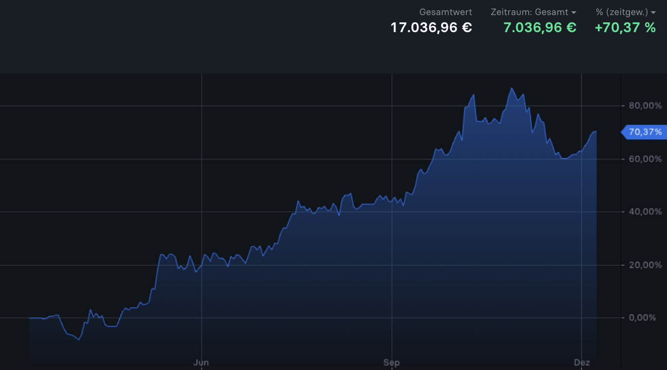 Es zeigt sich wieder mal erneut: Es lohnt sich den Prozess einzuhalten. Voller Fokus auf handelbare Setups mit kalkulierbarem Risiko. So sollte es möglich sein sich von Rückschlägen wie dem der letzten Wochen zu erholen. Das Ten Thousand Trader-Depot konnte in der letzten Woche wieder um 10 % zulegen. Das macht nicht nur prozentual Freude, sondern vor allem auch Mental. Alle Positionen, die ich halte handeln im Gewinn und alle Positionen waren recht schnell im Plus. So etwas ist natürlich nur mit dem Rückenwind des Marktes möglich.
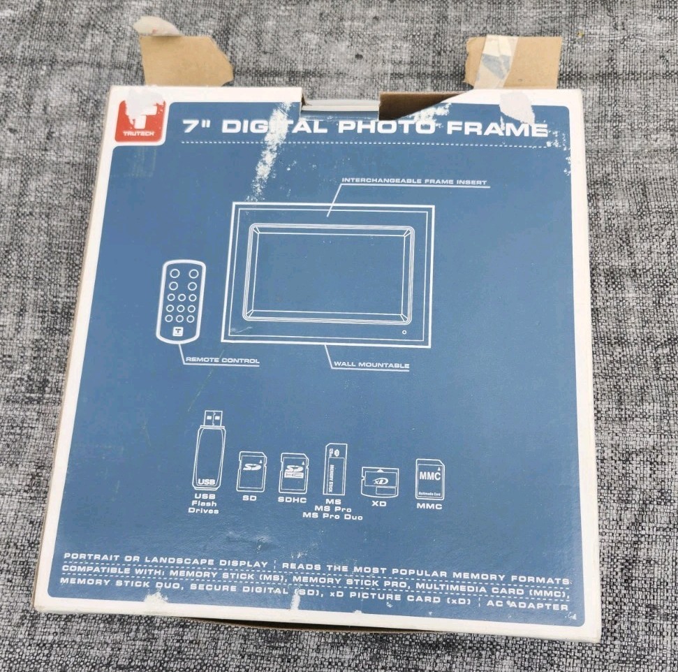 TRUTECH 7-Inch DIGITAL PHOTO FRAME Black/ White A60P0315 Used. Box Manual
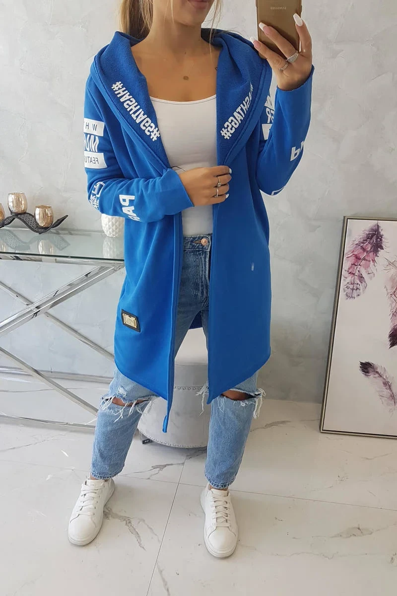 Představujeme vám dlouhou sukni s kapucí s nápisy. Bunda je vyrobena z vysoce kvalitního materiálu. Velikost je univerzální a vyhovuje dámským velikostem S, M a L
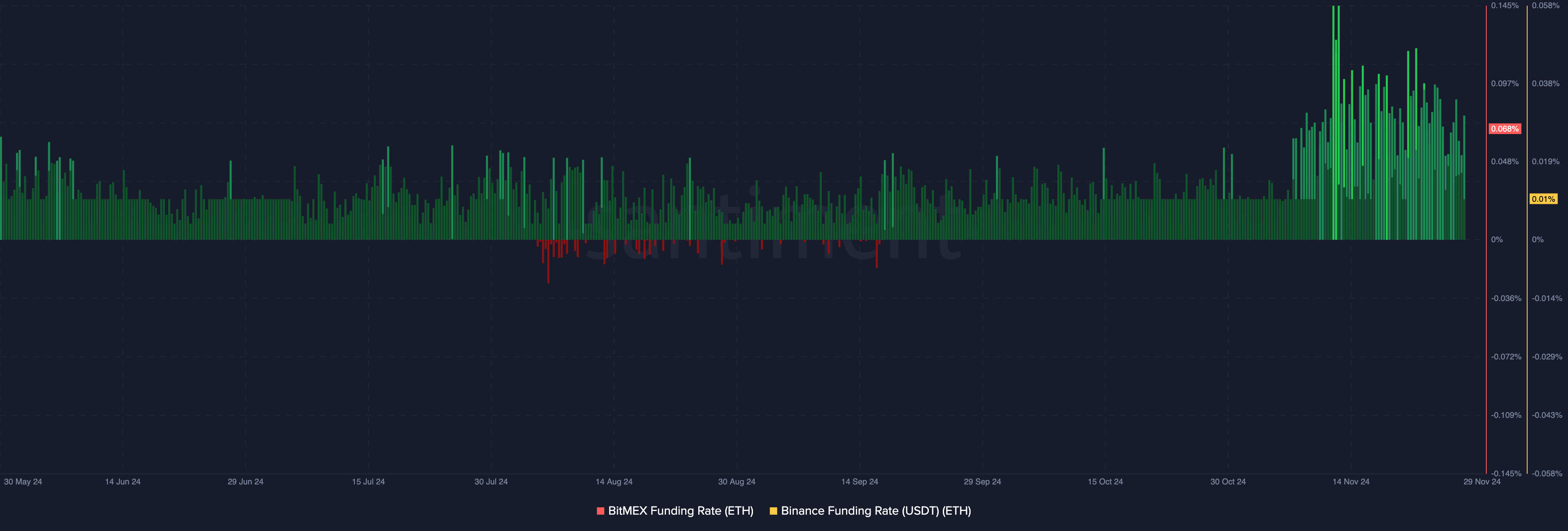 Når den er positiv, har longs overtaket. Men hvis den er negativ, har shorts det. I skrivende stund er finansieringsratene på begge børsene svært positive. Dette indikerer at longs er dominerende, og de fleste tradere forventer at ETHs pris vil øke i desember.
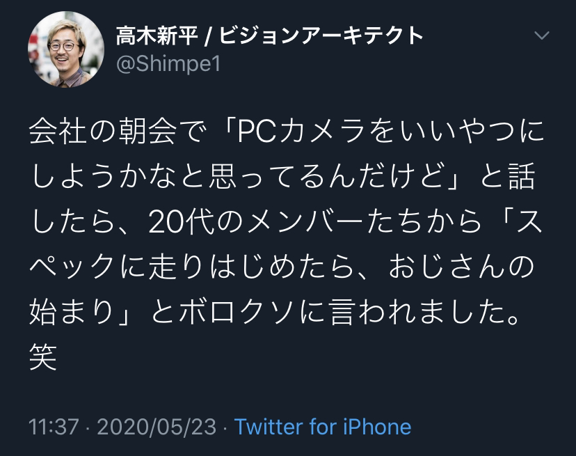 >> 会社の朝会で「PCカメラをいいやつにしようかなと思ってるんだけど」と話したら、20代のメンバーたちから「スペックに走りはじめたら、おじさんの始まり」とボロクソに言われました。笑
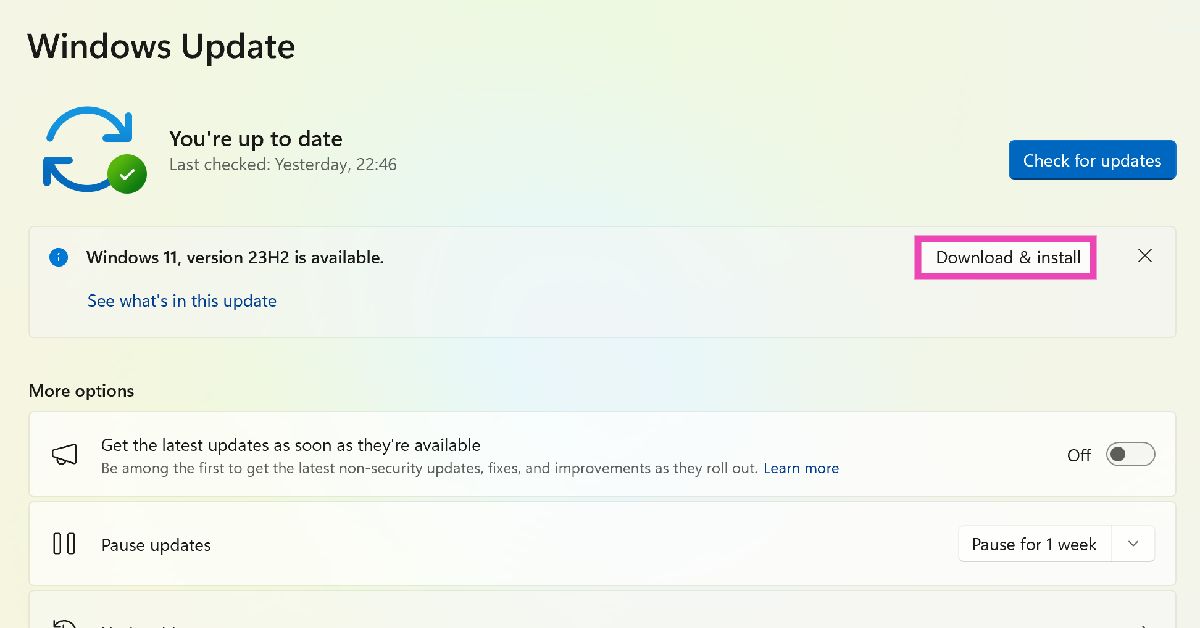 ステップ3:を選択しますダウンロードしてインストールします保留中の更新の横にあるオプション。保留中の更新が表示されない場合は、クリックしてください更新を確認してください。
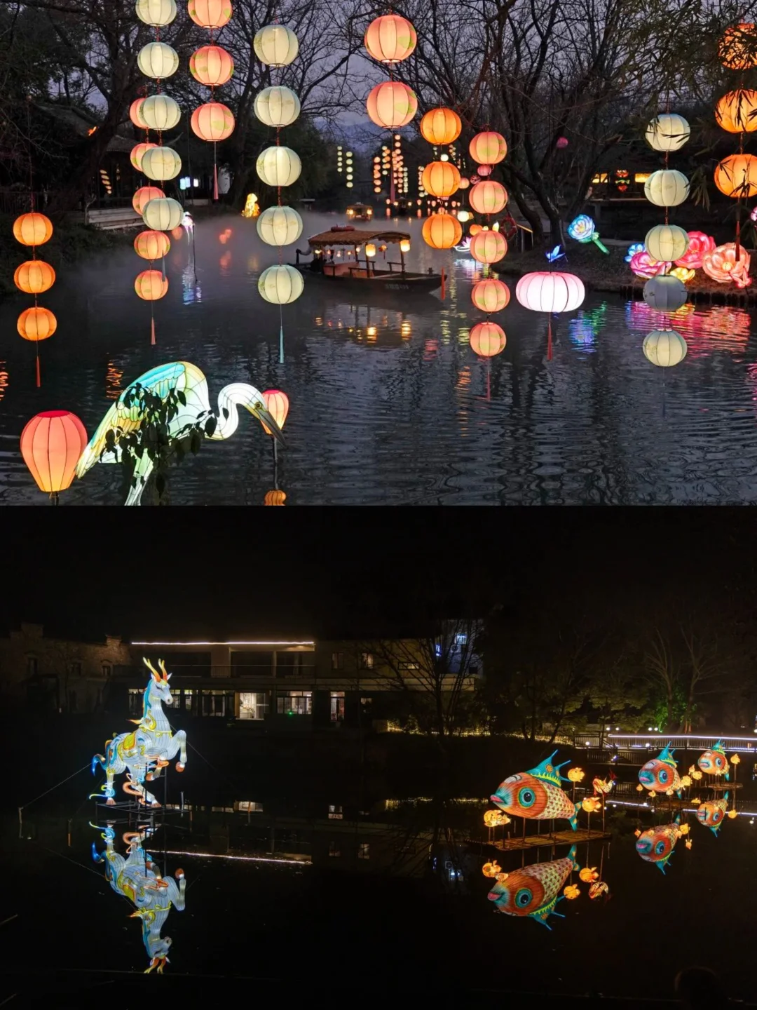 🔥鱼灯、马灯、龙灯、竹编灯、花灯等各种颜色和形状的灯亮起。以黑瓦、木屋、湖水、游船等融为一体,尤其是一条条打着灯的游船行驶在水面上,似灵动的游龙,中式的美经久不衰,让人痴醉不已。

---

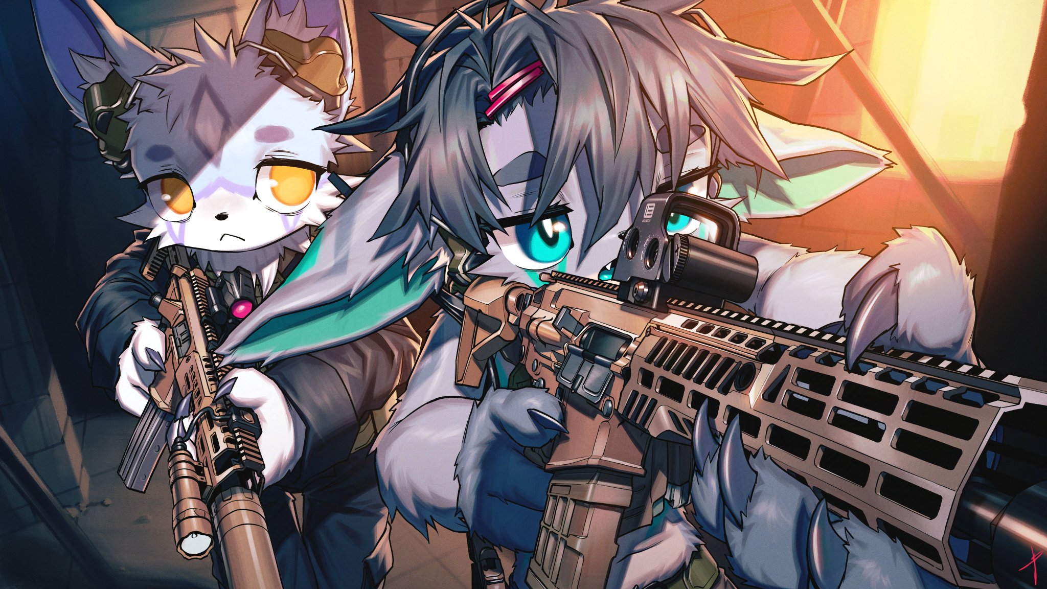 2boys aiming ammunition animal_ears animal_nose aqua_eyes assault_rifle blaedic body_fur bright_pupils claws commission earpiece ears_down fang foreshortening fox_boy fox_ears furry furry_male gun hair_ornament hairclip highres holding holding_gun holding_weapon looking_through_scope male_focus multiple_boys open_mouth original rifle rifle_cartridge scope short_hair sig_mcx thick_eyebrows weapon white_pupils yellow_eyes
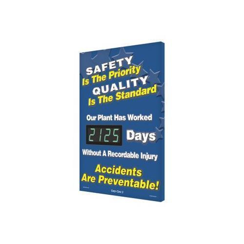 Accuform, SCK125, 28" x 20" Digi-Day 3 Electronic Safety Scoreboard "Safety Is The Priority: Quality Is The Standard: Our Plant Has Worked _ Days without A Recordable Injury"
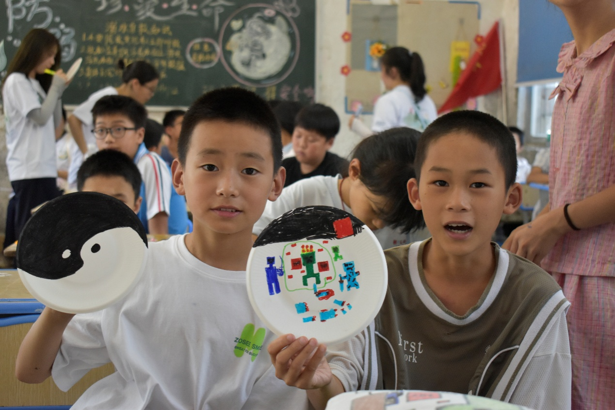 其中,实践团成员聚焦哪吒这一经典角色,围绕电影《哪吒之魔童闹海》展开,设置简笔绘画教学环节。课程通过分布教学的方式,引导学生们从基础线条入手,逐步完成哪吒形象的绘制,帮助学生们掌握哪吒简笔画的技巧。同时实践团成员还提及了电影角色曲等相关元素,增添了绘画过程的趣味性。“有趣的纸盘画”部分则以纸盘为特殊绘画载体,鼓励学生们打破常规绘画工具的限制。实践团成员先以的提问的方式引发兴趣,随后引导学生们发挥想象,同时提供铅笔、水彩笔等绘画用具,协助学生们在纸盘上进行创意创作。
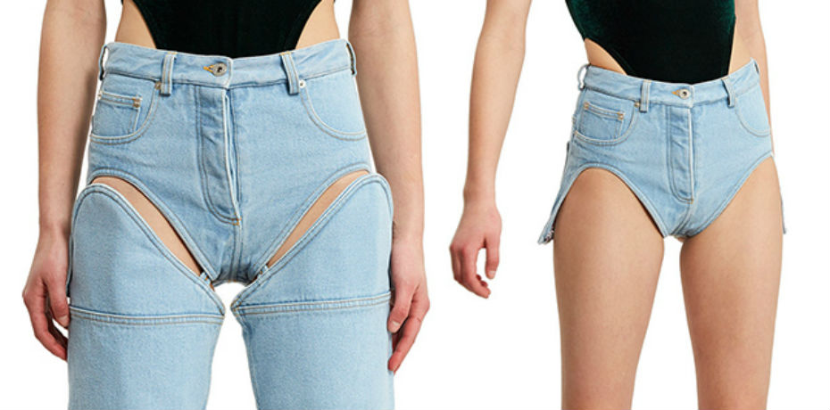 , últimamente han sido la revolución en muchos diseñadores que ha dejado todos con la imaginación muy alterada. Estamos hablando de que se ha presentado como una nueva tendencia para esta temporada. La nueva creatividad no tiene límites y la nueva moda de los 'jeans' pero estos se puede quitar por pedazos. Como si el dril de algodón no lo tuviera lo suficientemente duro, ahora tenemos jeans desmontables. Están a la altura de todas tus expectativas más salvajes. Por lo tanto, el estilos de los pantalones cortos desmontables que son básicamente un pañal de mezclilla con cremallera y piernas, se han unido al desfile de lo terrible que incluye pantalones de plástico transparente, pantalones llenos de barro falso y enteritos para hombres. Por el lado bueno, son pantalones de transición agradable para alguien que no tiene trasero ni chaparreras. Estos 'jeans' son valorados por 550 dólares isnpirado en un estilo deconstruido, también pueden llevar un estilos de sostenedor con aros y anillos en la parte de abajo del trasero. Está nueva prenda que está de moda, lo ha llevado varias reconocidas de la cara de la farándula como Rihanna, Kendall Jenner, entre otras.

**Work item**.
Nothing but the lines above from the line with "2boys aiming ammunition" up to and including the line with "其中,实践团成员聚焦哪吒这一" should be returned, exactly as written and without pictures.

**Response area**.
 2boys aiming ammunition animal_ears animal_nose aqua_eyes assault_rifle blaedic body_fur bright_pupils claws commission earpiece ears_down fang foreshortening fox_boy fox_ears furry furry_male gun hair_ornament hairclip highres holding holding_gun holding_weapon looking_through_scope male_focus multiple_boys open_mouth original rifle rifle_cartridge scope short_hair sig_mcx thick_eyebrows weapon white_pupils yellow_eyes
 Accuform, SCK125, 28" x 20" Digi-Day 3 Electronic Safety Scoreboard "Safety Is The Priority: Quality Is The Standard: Our Plant Has Worked _ Days without A Recordable Injury"
 其中,实践团成员聚焦哪吒这一经典角色,围绕电影《哪吒之魔童闹海》展开,设置简笔绘画教学环节。课程通过分布教学的方式,引导学生们从基础线条入手,逐步完成哪吒形象的绘制,帮助学生们掌握哪吒简笔画的技巧。同时实践团成员还提及了电影角色曲等相关元素,增添了绘画过程的趣味性。“有趣的纸盘画”部分则以纸盘为特殊绘画载体,鼓励学生们打破常规绘画工具的限制。实践团成员先以的提问的方式引发兴趣,随后引导学生们发挥想象,同时提供铅笔、水彩笔等绘画用具,协助学生们在纸盘上进行创意创作。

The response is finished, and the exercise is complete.